# polished granite



## greencross420 (Apr 30, 2009)

hey quick question a local stone shop was tossing scrap granite that was polished. i picked up several pieces and bleached them in hot water. do yall think they will be safe to use? i know they may look a little tacky but if yall think it will be ok i will post pictures when i am done. Thanks for the help ( they are all black)


----------



## D-007 (Jan 3, 2008)

Were any of the pieces 'sealed' with anything? Have you tested them to see if they affect water parameters negatively?


----------



## greencross420 (Apr 30, 2009)

the rocks are polished i am not sure if they are sealed are anyway i have yet to run water test to check for parameter changes they passed the vinegar test but that was the only quick test i knew of.


----------



## greencross420 (Apr 30, 2009)

yes the pieces appear to be sealed they are considered finished for counter tops


----------



## SoDakJeep (Mar 21, 2009)

As you can see the flat rocks in my tank are polished granite. It was a tombstone that I broke up and to clean them I just rinsed them off with a power washer. My tank has been set up for over 3 months and no problems form the rocks yet.


----------



## greencross420 (Apr 30, 2009)

thanks for the reassurnce the fish seem to like it alot


----------



## brycerb (Dec 23, 2007)

You know the economy is getting bad when people are stealing tome stones for thier fish tank tank decorations.


----------



## Bkeen (Mar 13, 2009)

brycerb said:


> You know the economy is getting bad when people are stealing tome stones for thier fish tank tank decorations.
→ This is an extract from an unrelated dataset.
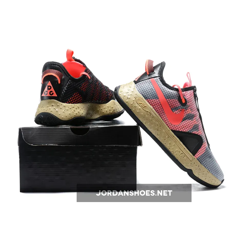This offering of the Nike PG 4 features a Black base covered fully in digital camouflage graphics detailed with Orange and Purple accents to give off an ACG vibe. A speckled midsole atop a Black rubber outsole completes the design.

Wow that is bad. Lol. Regardless of where/how/why you got it that's pretty morbid.


----------



## Riceburner (Sep 3, 2008)

oh c'mon. Must be tons of scrap from a monument shop.

hmmm...that give me an idea, should see if the local place has scrap chunks I like...


----------



## Bkeen (Mar 13, 2009)

Riceburner said:


> oh c'mon. Must be tons of scrap from a monument shop.
> 
> hmmm...that give me an idea, should see if the local place has scrap chunks I like...


True but still kinda gives me the creeps


----------



## D-007 (Jan 3, 2008)

brycerb said:


> You know the economy is getting bad when people are stealing tome stones for thier fish tank tank decorations.


Why is it assumed that he stole it?


----------



## Bkeen (Mar 13, 2009)

> Why is it assumed that he stole it?





> Wow that is bad. Lol. *Regardless of where/how/why* you got it that's pretty morbid.


I assumed nothing.


----------



## SoDakJeep (Mar 21, 2009)

Bkeen said:


> > Why is it assumed that he stole it?
> 
> 
> 
> ...


Ha don't worry it is all scraps that I used. Although yes a little spooky but with regaurds to the polished granite it seems to work fine. I have had no problems with it. Here is a newer pic with a new formation. Sorry not the best quality but look how fast some of the fish have grown.


----------



## SoDakJeep (Mar 21, 2009)

wow you can really tell the differance between my 2 cell phones cameras. I will get better pics if I remember. It is not that dirty at all just the quality of pics....why did i drop my phone in the toilet :fish:


----------



## Bkeen (Mar 13, 2009)

It does make some nice caves and the texture looks nice as well.


----------